As longtime readers know, my wife homeschooled our children for several years before we sent them to private Christian schools. This reflected an informed judgment based on direct experience. Most people (obviously including Terry McAuliffe) do not realize that it is the best educated and most conscientious parents who are offended by the arrogant claims of “expertise” made by public-school officials. Anyone who researches the subject will discover that, on average, as a group, education majors have the lowest SAT scores of any college graduates. If you have a degree in business management or engineering or whatever, you are certainly competent to judge the quality of curriculum and pedagogy in your child’s classroom and, as research about homeschooling shows, good parents are at least as capable of educating a child as most government-certified teachers. That’s from a strictly academic perspective; from a moral perspective, no credential can qualify any “expert” to tell a parent what their child’s beliefs should be.
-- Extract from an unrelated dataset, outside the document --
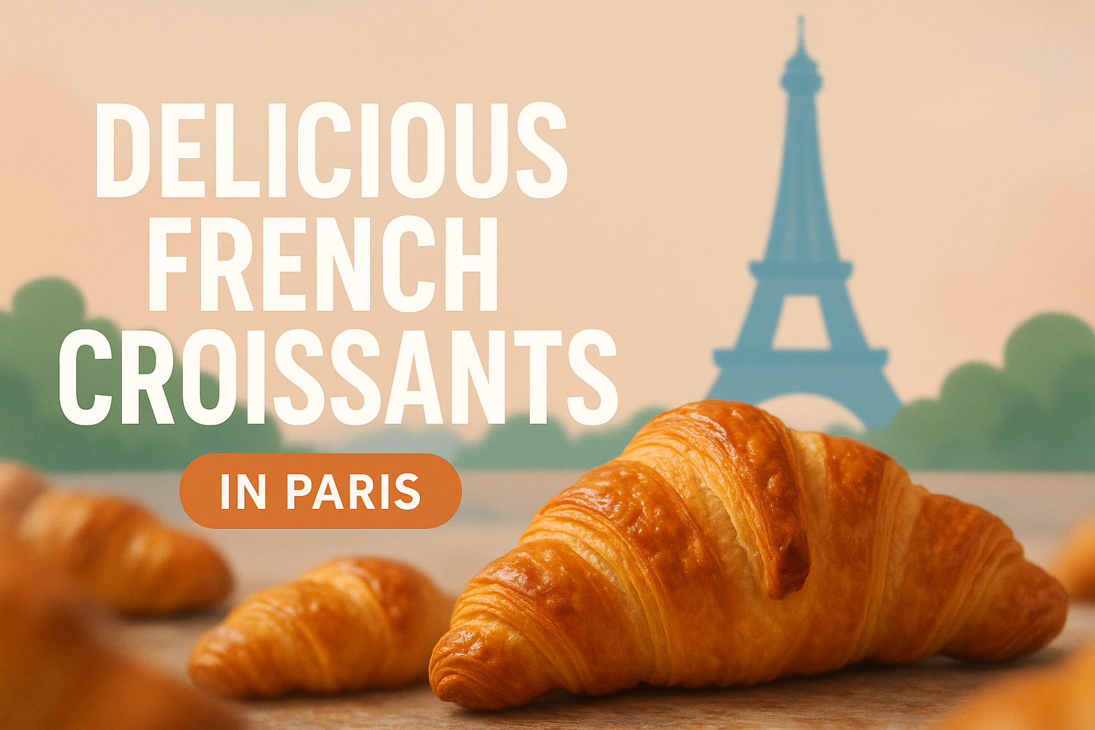/Collection: /by davooda/Type: PNG/A visually appealing image showcasing freshly baked French croissants in the foreground, with a soft-focus background featuring the Eiffel Tower, ideal for food blogs or culinary promotions.

Transgenderism is immoral because it is dishonest — a deception, an attempt to substitute make-believe for biological reality. One can speculate about the psychological causes of a desire to “be” (or rather, pretend to be) the opposite sex, but in practice, transgenderism is a sort of fraud, perpetrated for selfish reasons. In a free country, adults may do as they please in private matters, but the transgender cult seeks to force the public to cooperate with this deception; when taxpayer-supported public schools joined this effort, bad results could easily be foreseen.

In Loudon County, Virginia, where many parents were already up in arms about the teaching of Marxist “critical race theory,” school officials attempted to cover-up an incident in which a 14-year-old girl was raped in a school restroom by a transgender student — “a boy in a skirt,” to quote the victim’s father. A new $1 million TV ad campaign in Virginia references this increasingly notorious case:

 

We don’t know how the election will turn out in Virginia. There is abundant evidence that McAuliffe is losing, and that Youngkin is poised for an upset victory that will have nationwide impact, but it will be up to voters in Virginia to do the right thing. Pray for them.